Build PMML-based Applications and Generate Predictions in AWS

If you generate machine learning (ML) models, you know that the key challenge is exporting and importing them into other frameworks to separate model generation and prediction. Many applications use PMML (Predictive Model Markup Language) to move ML models from one framework to another. PMML is an XML representation of a data mining model.

In this post, I show how to build a PMML application on AWS. First, you build a PMML model in Apache Spark using Amazon EMR. You import the model using AWS Lambda with JPMML, a PMML producer and consumer library for the Java platform. With this approach, you can export PMML models to an Amazon S3 bucket using a Spark application. After exporting the data, you can terminate the Amazon EMR cluster. Then, you use AWS Lambda to import the PMML model for generating predictions. We use the Iris dataset from UC Irvine. It contains three classes, one for each species of iris, with 50 instances of irises for each class.

For a list of PMML producer and consumer software, see the PMML Powered section of the Data Mining Group (DMG) website.

PMML application overview

The PMML application uses the MLlib K-means clustering algorithm in Apache Spark. MLlib K-means clustering is an unsupervised learning algorithm that tries to cluster data based on similarity. In K-means clustering, you have to specify the number of clusters that you want to group the data into.

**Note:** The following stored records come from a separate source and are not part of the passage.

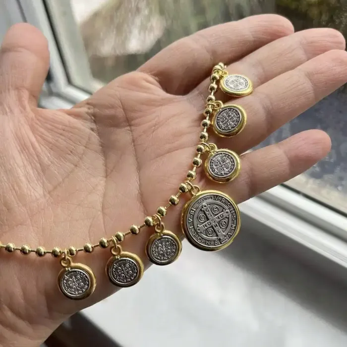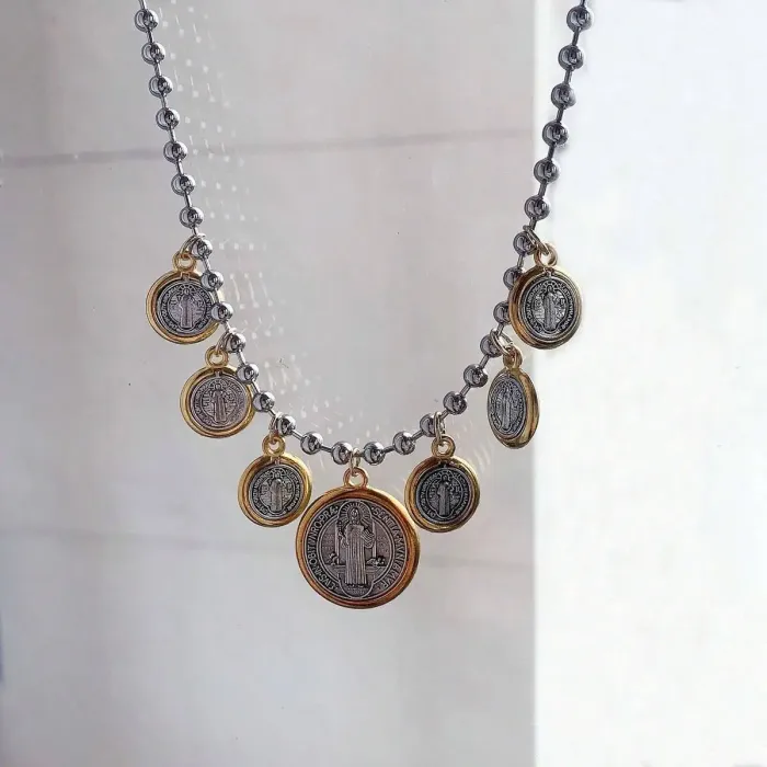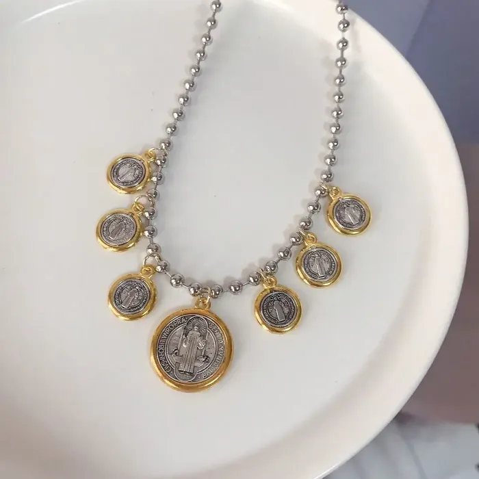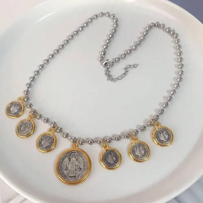 Multi-Charm Religious Pendant Necklace with Ball Chain, Gold & Silver Tone Metal Alloy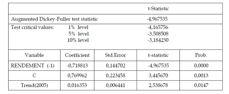 Tableau 2.1 : test de stationnarité de la série des rendements mensuels du marché : modèle avec tendance et constante « en niveau »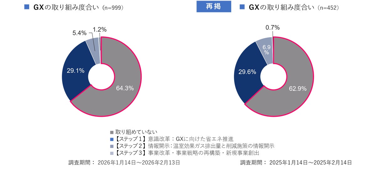これらの結果から、「GXの認知度」と同様に、GXの取り組み状況もこの一年で変化はなく、【ステップ2】以上の取り組みを行う中小企業は1割にも満たないことが明らかになりました。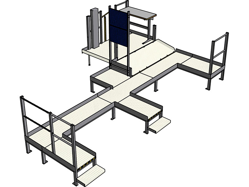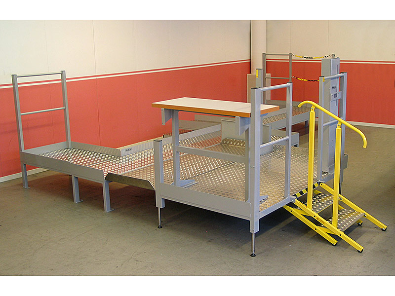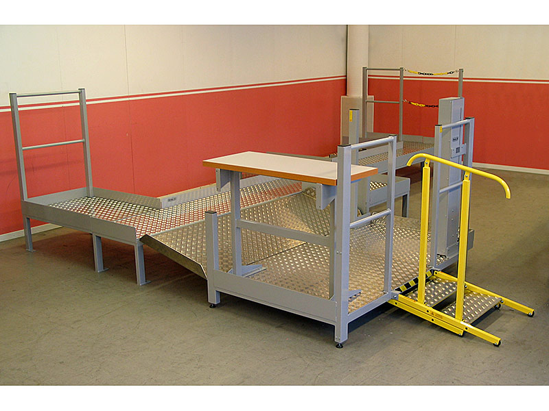 Denna arbetsplattform består av både ett fast golv, samt ett höj- och sänkbart lyftgolv, med en anpassad gångramp som är monterad på rörliga golvet. Denna anpassar sig efter höjdläget emot det fasta golvet.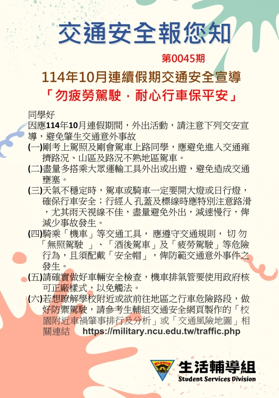 交通安全報您知第45期114年10月連假期交通安全宣導「勿疲勞駕駛,耐心行車保平安」

The Iris dataset contains three species, so you will configure the algorithm to group the data into three clusters. You then train the model.

Next, you export the model to a PMML document, which is stored in an S3 bucket. Spark ML has multiple options for exporting PMML. Spark ML added support for exporting them with MLlib libraries with the org.apache.spark.mllib.pmml.PMMLExportable trait starting with Spark MLib 1.4. With Spark ML, you can also use JPMML libraries to export PMML models.

Note: Spark doesn’t support exporting all models to PMML. For a list of models that can be exported, see PMML model export – RDD-based API.

Finally, you import the generated PMML model into AWS Lambda. Lambda allows you to build a cost-effective PMML application without provisioning or managing servers. You also can set up your application so that actions in other AWS services automatically trigger it or call it directly from any web or mobile app.

Prerequisites

To build the Spark Scala application and AWS Lambda function for Java, you need the following:

Set up the EMR cluster and export the PMML document

The emr-pmml-demo GitHub project contains the Spark and Lambda code that you need for this post. It also downloads the Iris dataset, creates a model, and exports the model into a PMML document.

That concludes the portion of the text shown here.